= Your objective =
Restate each of the lines below word for word and drop every picture.

#### Input data ####

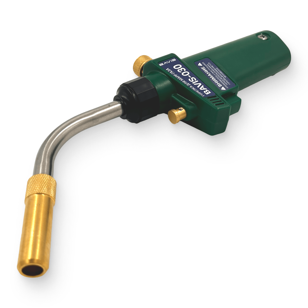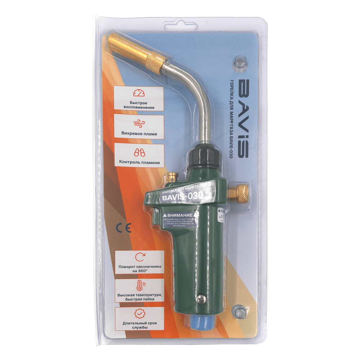 Газовая горелка для MAPP газа с пьезоподжигом BAVIS-030 предназначена для твердой и мягкой пайки. Вихревое пламя с регулировкой. Высокая температура пламени с быстрым прогреванием. Безопасная и надежная горелка, 4 блокировки курка. Наконечник поворачивается на 360 °, благодаря чему горелка подходит для работы в сложных условиях.
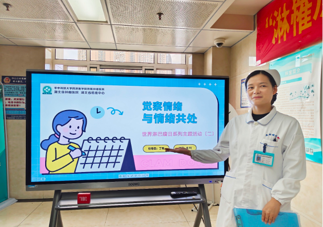 活动伊始,心理专科护士丁秀为大家带来了以 “觉察情绪,与情绪共处” 为主题的团体心理辅导。丁秀护士从淋巴瘤患者常见的心理反应入手,用通俗易懂的语言和生动的案例,讲解了如何识别和正视确诊后的焦虑、恐惧、压力等负面情绪,并传授了情绪调节工具箱中的多种实用的情绪管理技巧,如“5-4-3-2-1 grounding(感官着陆)”等。她强调,情绪本身不是敌人,学会与情绪和平共处,是获得内心疗愈与力量的重要一步。这场活动如同一场“心理按摩”,为患者和家属们提供了至关重要的心理支持与疏导。
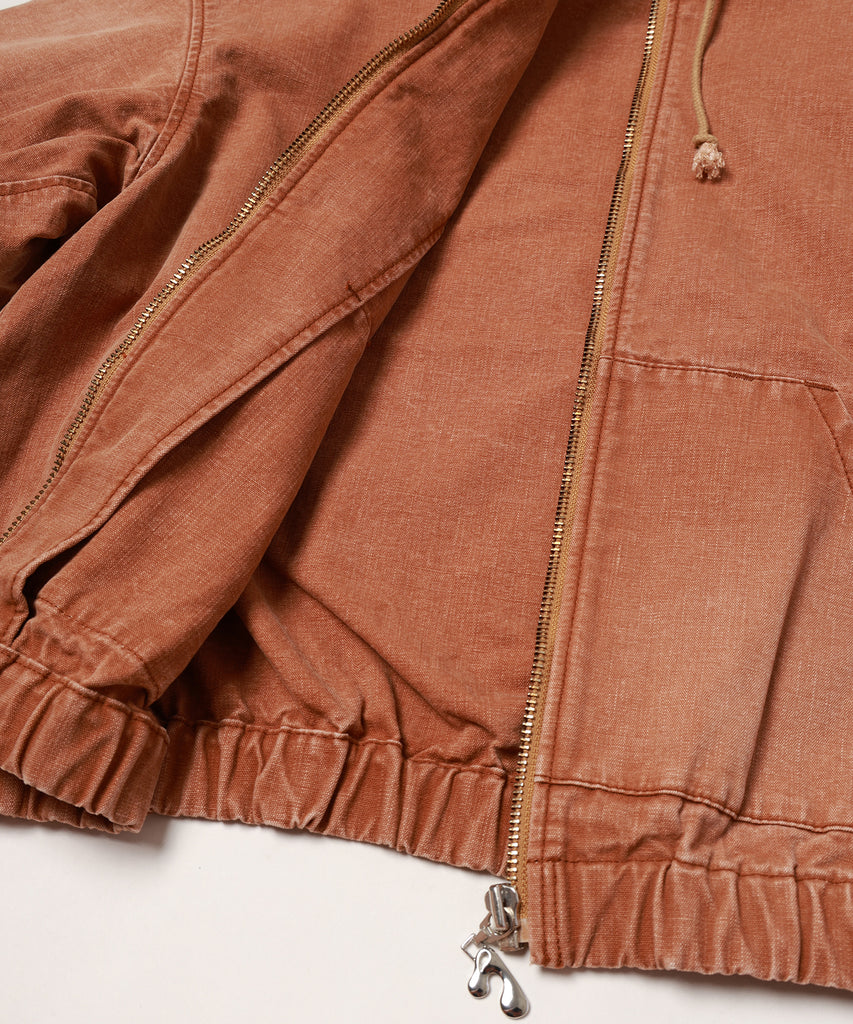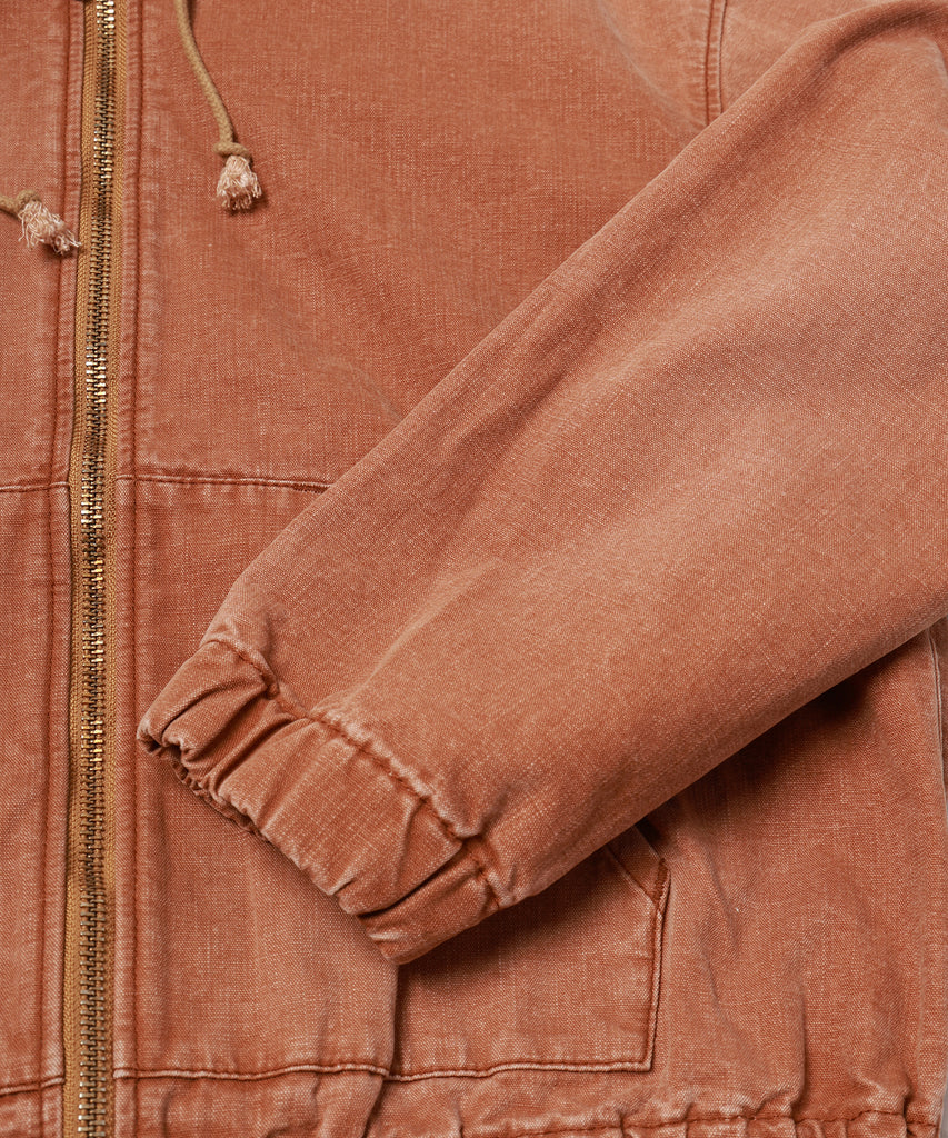 袖部分にはひげを入れるなど製品にUSED加工を施し、洗いの工程でできたナチュラルなダメージ感など細部の加工感までこだわり仕上げた1着となっております。

####

= Problem solution =
 Газовая горелка для MAPP газа с пьезоподжигом BAVIS-030 предназначена для твердой и мягкой пайки. Вихревое пламя с регулировкой. Высокая температура пламени с быстрым прогреванием. Безопасная и надежная горелка, 4 блокировки курка. Наконечник поворачивается на 360 °, благодаря чему горелка подходит для работы в сложных условиях.
 活动伊始,心理专科护士丁秀为大家带来了以 “觉察情绪,与情绪共处” 为主题的团体心理辅导。丁秀护士从淋巴瘤患者常见的心理反应入手,用通俗易懂的语言和生动的案例,讲解了如何识别和正视确诊后的焦虑、恐惧、压力等负面情绪,并传授了情绪调节工具箱中的多种实用的情绪管理技巧,如“5-4-3-2-1 grounding(感官着陆)”等。她强调,情绪本身不是敌人,学会与情绪和平共处,是获得内心疗愈与力量的重要一步。这场活动如同一场“心理按摩”,为患者和家属们提供了至关重要的心理支持与疏导。
 袖部分にはひげを入れるなど製品にUSED加工を施し、洗いの工程でできたナチュラルなダメージ感など細部の加工感までこだわり仕上げた1着となっております。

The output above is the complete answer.